SECURITIES AND EXCHANGE COMMISSION

WASHINGTON, DC 20549

 

 

FORM 8-K

 

 

CURRENT REPORT

PURSUANT TO SECTION 13 OR 15(d) OF THE

SECURITIES EXCHANGE ACT OF 1934

Date of report (Date of earliest event reported): December 20, 2011

 

 

METLIFE, INC.

(Exact Name of Registrant as Specified in Its Charter)

 

 

 

 

Delaware   1-15787   13-4075851
(State or Other Jurisdiction   (Commission   (IRS Employer
of Incorporation)   File Number)   Identification No.)
200 Park Avenue, New York, New York   10166-0188
(Address of Principal Executive Offices)   (Zip Code)

212-578-2211

(Registrant’s Telephone Number, Including Area Code)

N/A

(Former Name or Former Address, if Changed Since Last Report)

 

 

Check the appropriate box below if the Form 8-K filing is intended to simultaneously satisfy the filing obligation of the registrant under any of the following provisions:

 

¨ Written communications pursuant to Rule 425 under the Securities Act (17 CFR 230.425)

 

¨ Soliciting material pursuant to Rule 14a-12 under the Exchange Act (17 CFR 240.14a-12)

 

¨ Pre-commencement communications pursuant to Rule 14d-2(b) under the Exchange Act (17 CFR 240.14d-2(b))

 

¨ Pre-commencement communications pursuant to Rule 13e-4(c) under the Exchange Act (17 CFR 240.13e-4(c))

 

 

 


Table of Contents

TABLE OF CONTENTS

 

Item 5.02  Departure of Directors or Certain Officers; Election of Directors; Appointment of Certain Officers; Compensatory Arrangements of Certain Officers

Item 9.01. Financial Statements and Exhibits

Signatures

Exhibit Index

EX 10.1


Table of Contents

Item 5.02 Departure of Directors or Certain Officers; Election of Directors; Appointment of Certain Officers; Compensatory Arrangements of Certain Officers.
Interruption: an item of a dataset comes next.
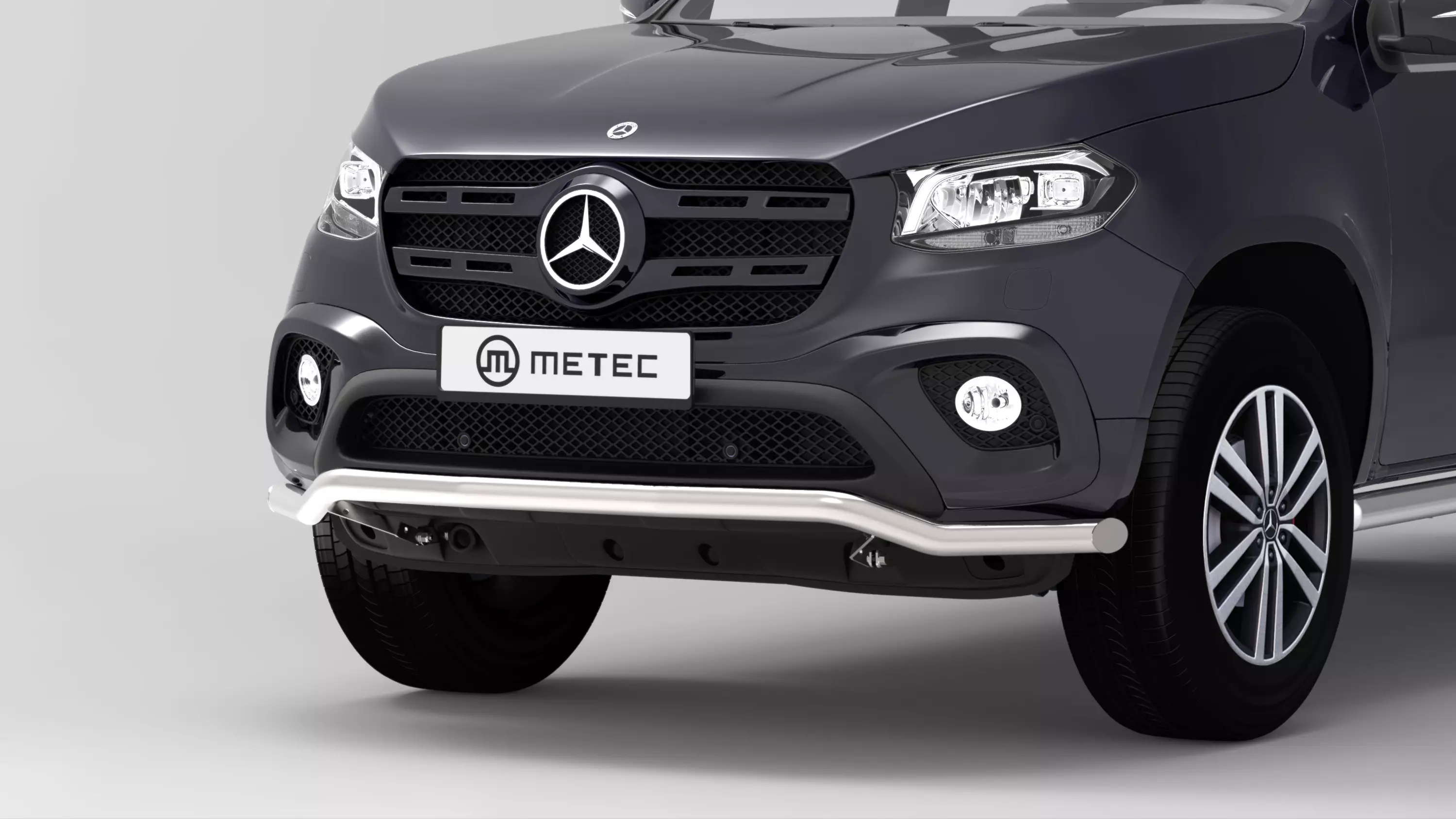 Ruostumattomasta teräksestä valmistettu etuhelmaputki Mercedes X-CLASS 2017- lava-autoihin. Pinta kiilloitettu peilikirkkaaksi.

MetLife, Inc. (the “Company”) and William J. Toppeta entered into an agreement concerning Mr. Toppeta’s continued employment (the “Agreement”) which became final on December 20, 2011.

Under the terms of the Agreement, Mr. Toppeta’s employment will continue from November 21, 2011 until May 31, 2012, unless earlier terminated (the “Assignment”). During the Assignment, Mr. Toppeta will perform duties determined by the Chief Executive Officer of the Company (the “CEO”), which may include acting as a mentor and consultant to the President of the Company’s Europe, Middle East, and Africa (“EMEA”) division and the President of the Company’s Asia division to ensure a smooth transition of responsibilities to them, and serving as MetLife’s ambassador in EMEA and Asia to external constituencies on major regulatory and legislative issues that may impact the business of the Company and its affiliates (“MetLife”). MetLife will continue to compensate Mr. Toppeta at his salary rate of $650,000 per year during the Assignment, and will comply with its bylaws providing indemnification to Mr. Toppeta for acts or omissions during his service as an officer. Mr. Toppeta will be eligible for employee benefits during the Assignment, subject to the terms of applicable benefit plans.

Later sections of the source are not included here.